**Directions for this task:**
Print exactly the first lines of the records. Stop after the line containing "Marinistinio stiliaus suknelė, įkvėpta", and leave every picture out.

**Input data:**
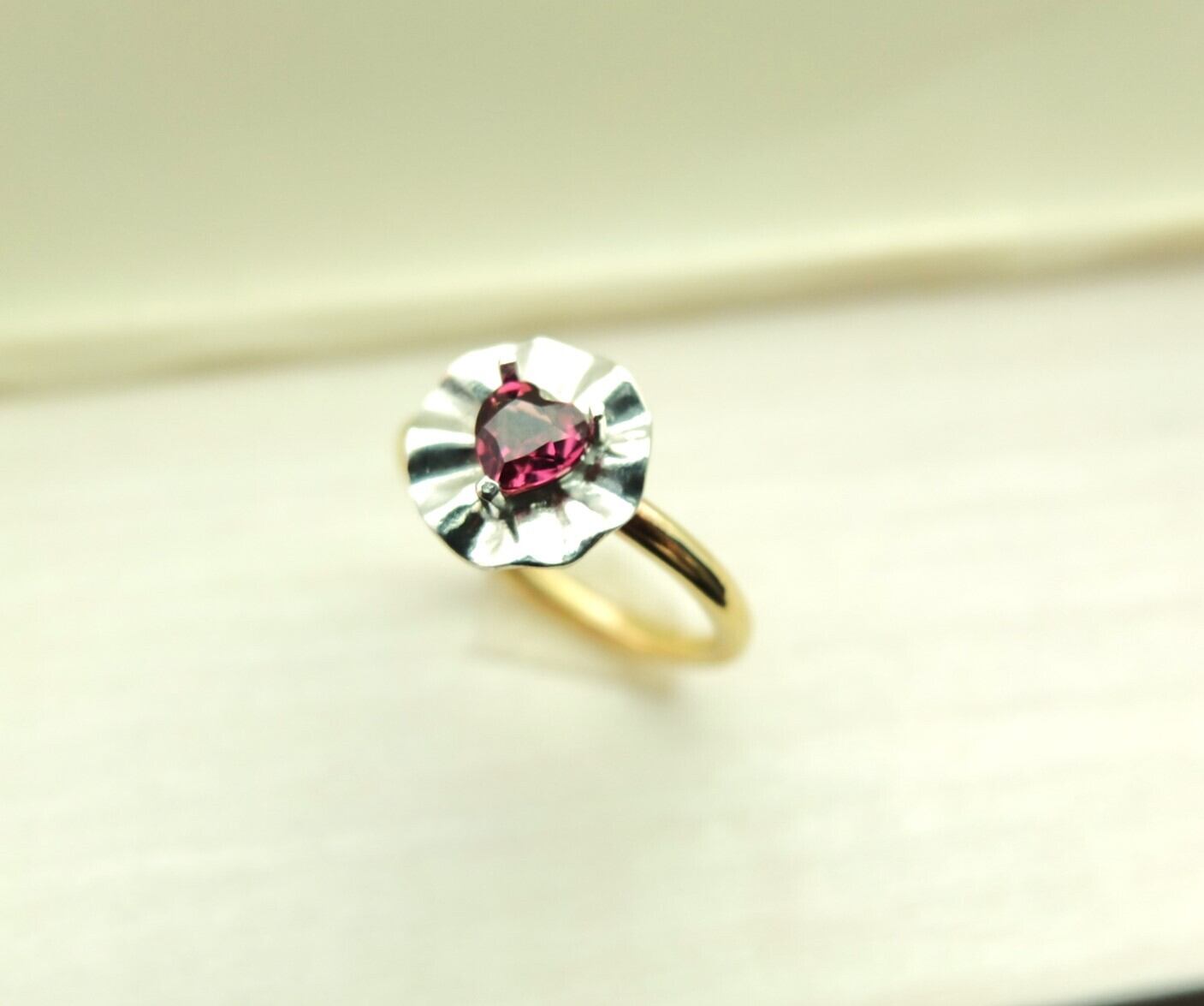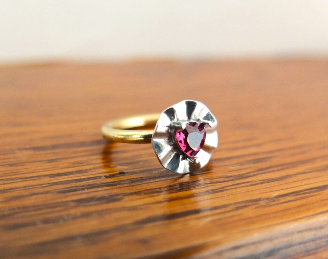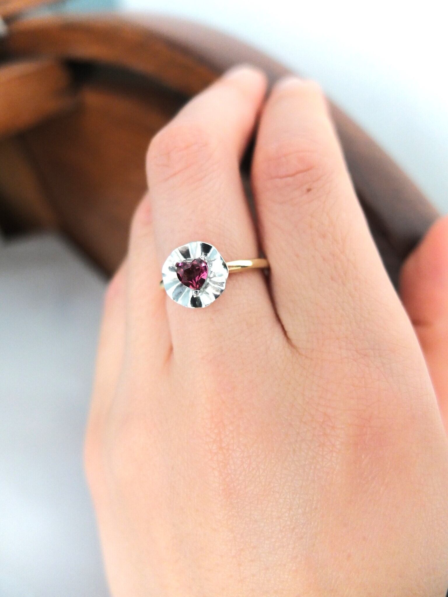 リボンをモチーフにした石枠にハートカットのロゼグレープガーネットを留めたリングです。
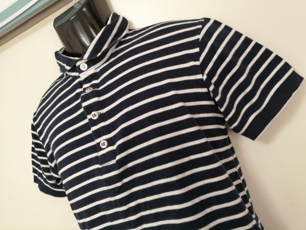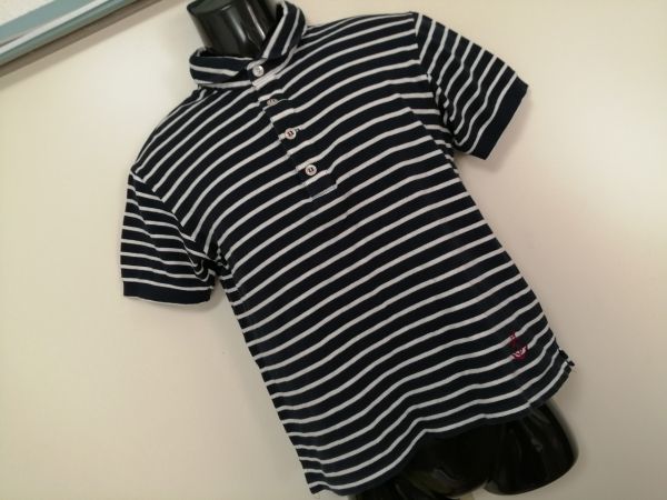 kkyj4029 ■ RAGEBLUE ■ レイジブルー ポロシャツ カットソー トップス 丸襟 ボーダー マリン 鹿の子 コットン 濃紺×白 ダークネイビー M
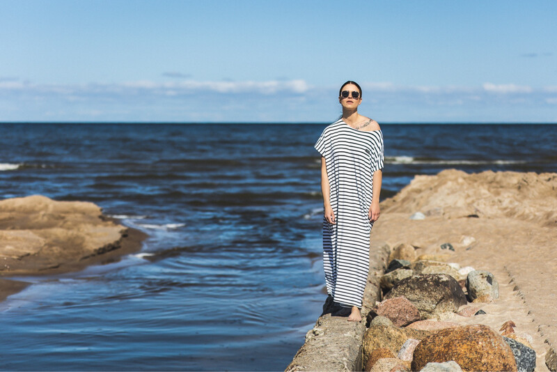 Marinistinio stiliaus suknelė, įkvėpta saulės ir jūros, burlaivių mažame uoste, žuvėdrų klyksmo… Širdžiai saldžios laisvės ir beribės meilės sau.
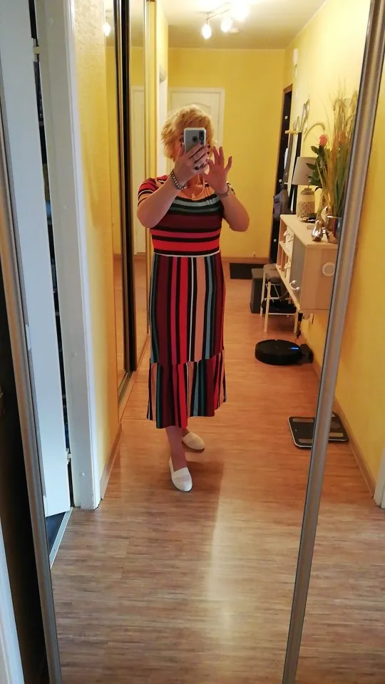 Delivery lightning, for two weeks! The quality of synthetics is certainly but pleasant. The material stretches well. At 48 times ordered first xl, but then wrote to the store to change to l. responded and changed the size. Well done, then what it was necessary, in the belt is not even a little loose. But, as they say, cece dictate their rules)) in general, at 48 it is necessary l, if the chest is smaller than the size of s-d, then you can take m, as it stretches well! And so funny. On the height of 164 to the ankle length. Recommend!!
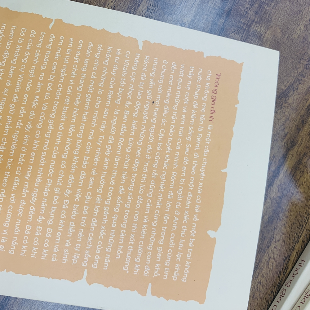 Cuốn sách là hành trình phiêu lưu của Rémi, một câu bé mồ côi từ nhỏ. Cái tên “Không gia đình” gợi lên sự buồn bã, cô đơn, song, khi đọc tác phẩm, ta lại thấy được sự lạc quan, yêu đời trong từng hoàn cảnh, trong mọi tình huống, bên cạnh cậu luôn là những người tốt giúp đỡ. Một tác phẩm đã lấy đi nước mắt nhưng cũng để lại nụ cười cho nhiều độc giả dù là lớn đến bé.
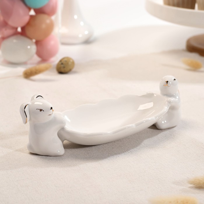 Блюдо Доляна «Зайки в золотом», 21_8_6 см, цвет белыйВопросы по товару
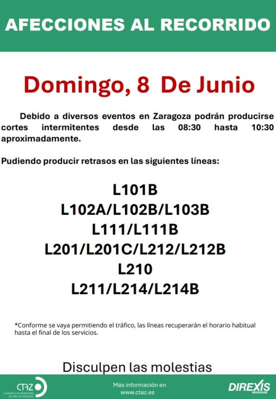 [LINEAS CTAZ] AFECCIONES DOMINGO 8 DE JUNIO POR DISTINTOS EVENTOS EN ZARAGOZA
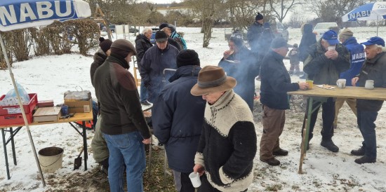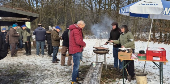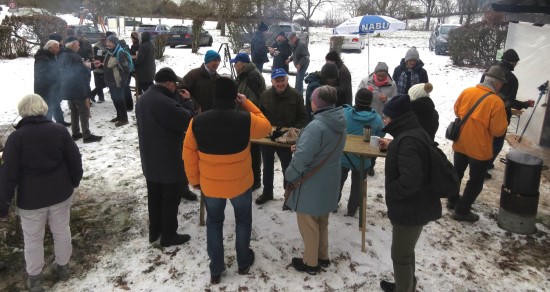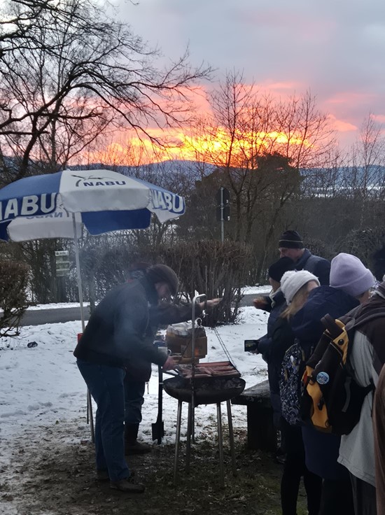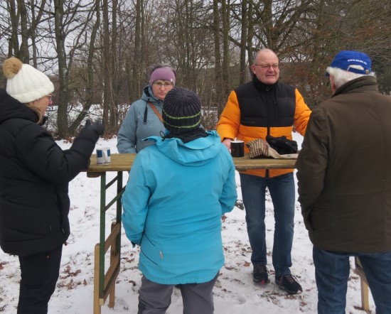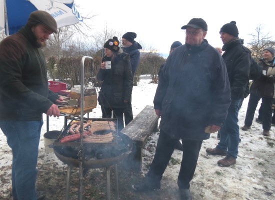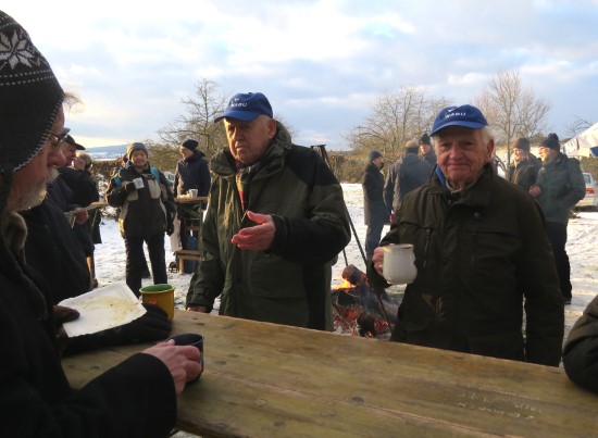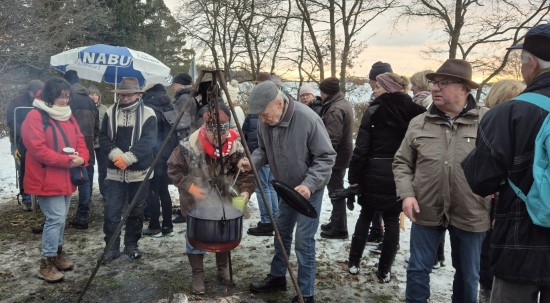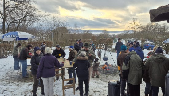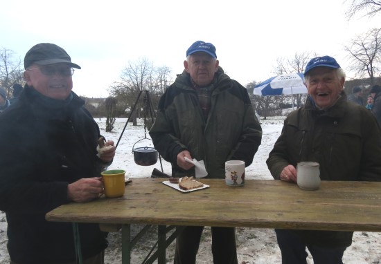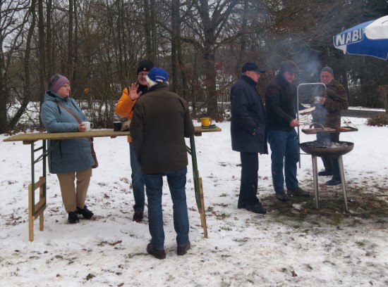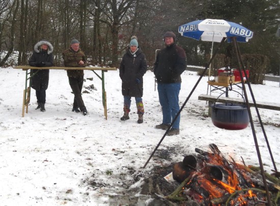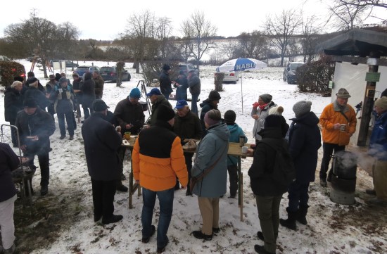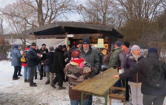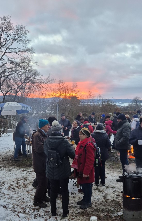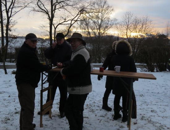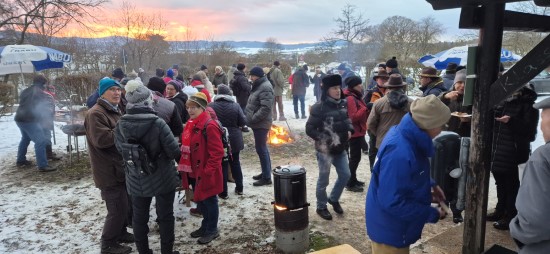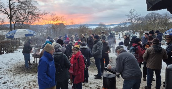 Perfektes Wetter für die Glühweinfete: Ein wenig Schnee, Temperaturen so um die null Grad, ab und zu kam die Sonne raus und prÄsentierte einen tollen Sonnenuntergang. Glühwein, Saft und Würstchen schmeckten wieder hervorragend, gute Wünsche zum neuen Jahr und Gesprächsstoff gab es reichlich. So verbreitete die Glühweinfete auch in diesem Jahr wieder das typische Flair, dass die Gäste an jedem ersten Samstag im neuen Jahr schätzen. | |

**Exercise output:**
 リボンをモチーフにした石枠にハートカットのロゼグレープガーネットを留めたリングです。
 kkyj4029 ■ RAGEBLUE ■ レイジブルー ポロシャツ カットソー トップス 丸襟 ボーダー マリン 鹿の子 コットン 濃紺×白 ダークネイビー M
 Marinistinio stiliaus suknelė, įkvėpta saulės ir jūros, burlaivių mažame uoste, žuvėdrų klyksmo… Širdžiai saldžios laisvės ir beribės meilės sau.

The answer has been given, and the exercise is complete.